We had a few people voice hesitation about someone able to make all their bonded weapons magical, since magical B/P/S is among the strongest types of damage when it comes to overcoming resistance or immunities. So, we're doing a bit of a middle ground. At this level, the feature now lasts 1 hour and it keeps it's cost reduction. But, it still takes a bonus action. We think this might be a good compromise between an optimized high-level character having 13+ magical weapons and not having enough power at all.




> *Greater Weapon Manipulation*
> Barrage and Cloud are fine.
> Guardians might be a lil' much-it's a stellar spell, and you get it twice per short rest at the next level.


We've gotten a few other people say that there's perhaps a bit too many spell-like features in the base chassis anyways, so we've just removed the Guardians feature. Two birds one stone, hopefully.




> *Strategic Commander*
> Feels out of place. It's cool! But out of place.


This feature was a holdover from one of the earliest iterations of the class, when it was just a private thing between my friend and I are our table. We also love the novelty of the ability and have reflavored it to hopefully align with what is now the Vanguard's thematic design and flavor.




> *Grand Strike Improvement*
> I wouldn't bother specifying a 19 isn't an auto-hit. For two reasons: one, a 19 will almost always hit anyway; and two, even if it wouldn't, giving a 10% hit chance instead of 5% on one attack is NOT a big deal.


The language has been simplified! :)




> *Dauntless*
> Given that this is a Charisma-focused class... This feels a bit much. Next level, when you get your second ASI, you can easily have a 20 in Charisma. Meaning that you get 13 Links per short rest, instead of 8. That's pretty significant.

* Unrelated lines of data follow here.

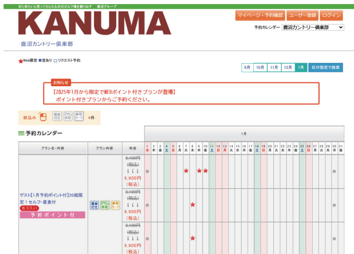
鹿沼グループ予約システム専用ページ

本取り組みは、鹿沼グループのビジョン“また来たい思ってもらえるゴルフ場を創り出す”実現の取り組みの一環として、ゴルファーの方々に、さらなる利便性とお得なサービスを提供いたします。これからもよりゴルフを身近に感じていただけるよう、鹿沼グループから情報発信を行うプラットフォームとして活用していくことを目指しています。
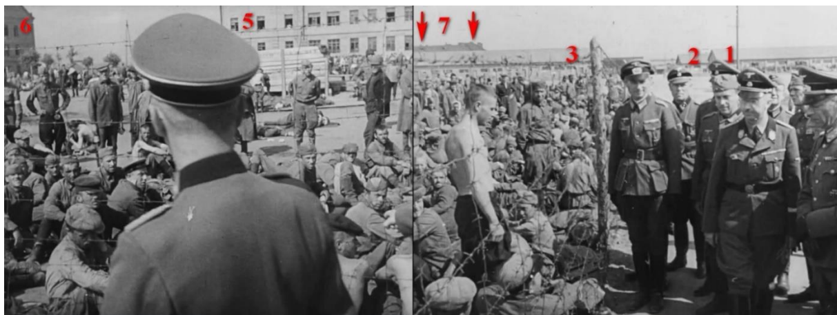
Рис. 2. Рейхсфюрер Гиммлер в лагере военнопленных Дулаг 126 (Пушкинские казармы) по Логойскому тракту. На заднем фоне – кирпичные 3-этажные здания № 5, № 6, № 7 по Логойскому тракту (ул. Я. Коласа).

В архивах сохранилась кинохроника продолжительностью 2 минуты 20 секунд, на которой кинооператором Вальтером Френтцем сняты отдельные моменты визита рейхсфюрера Гиммлера (рис. 2):
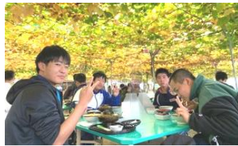
【御坂農園グレープハウス】ぶどう棚の下で昼食
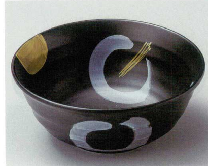
28-6-214 銀彩花7.5鉢 3,600円 23×9.4cm 02211211

Dauntless no longer gets increased uses. Just one per long rest. And, it's explicitly clarified that you can't use the feature to exceed your max links. We think these simple fixes should help with the overall balance of a lot of link features.




> *Superior Bonds*
> Kinda ribbony, unless you get a lot of cool magic weapons.
> 
> ...
> 
> *Manifest Armory*
> Feels like a ribbon.


These two features definitely have more flavor than the pure crunch preferred for strategic, RAW, combat-centric characters. But, in the right hands, some of them could be immensely powerful. For example, with Manifest Armory, they basically become a living bag of holding, for instance (with limitations, of course). Considering the class is plenty satiated with combat options, we think having these couple ones be more roleplaying-centric is a-okay.

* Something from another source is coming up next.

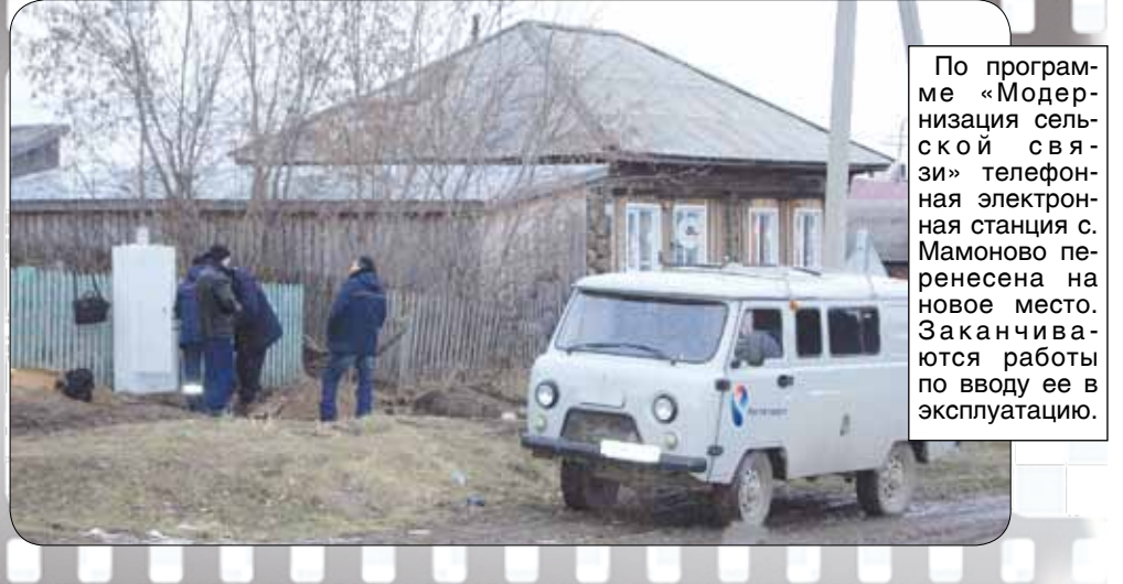
По программе «Модернизация сельской связи» телефонная электронная станция с. Мамоново перенесена на новое место. Заканчиваются работы по вводу ее в эксплуатацию.

We appreciate the feedback, though.




> *Superior Weapon Manipulation*
> At this level, you have 18 Links per short rest. This increases to 25 at level 15. That's enough for three 5th level casts of _Animate Objects_ per rest-five at level 15. Or three _Blade Barriers_.
> That's a LOT of casting power.


With the reduction in the Dauntless feature, this is less of an issue. The level 13 power is unaffected, but we don't think it's the end of the world there. The power spike at level 15+ is tremendously cut down with the nerf to Dauntless.




> *Sovereign Influence*
> Ability checks and skill checks are the same thing. I'd limit it to JUST ability checks-I wouldn't let it work on saves.


The language has been simplified, and we agree that the class perhaps has enough defensive options anyways. They need to have some risk. Thanks for such a keen eye!




> *Glorious Maelstrom*
> This feels a little over the top. That's 165 damage on a failed save, and you can do this twice per rest, though only once per fight.

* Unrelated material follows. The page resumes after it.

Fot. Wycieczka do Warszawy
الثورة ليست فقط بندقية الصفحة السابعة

We increased the cost to 14 links. Now, even with the Dauntless feature refresh, they can only cast it once per long rest. Considering it's basically a reskinned meteor swarm (9th level spell), we think this is a good fix for now.



Onto the subclasses!




> *Covenant*
> The abilities are fine, save for the capstone. But the fact that you get as many slots (even if they're lower level) as a Warlock, plus your links, feels pretty nuts.
> The capstone is an issue because of Sovereign Influence. DC 20 Charisma save means you need a +10 modifier to autopass... And you've got +6 from Proficiency. If you have an 18 Charisma, and as a Charisma class, you'll probably have 20, you autopass. Also, make the "Avoid death" require a reaction! As written, you'd only ever spend one link unless you think there's instagib stuff going around. Even if you roll a 1, an enemy would have to deal 148 damage in a single strike to kill you outright, assuming only 16 Con.


The Warlock table is a copy and paste from the closest thing we could find in 5e Canon - the Blood Hunter's Profane Soul subclass. We can tune the numbers, but that's the rationale behind them.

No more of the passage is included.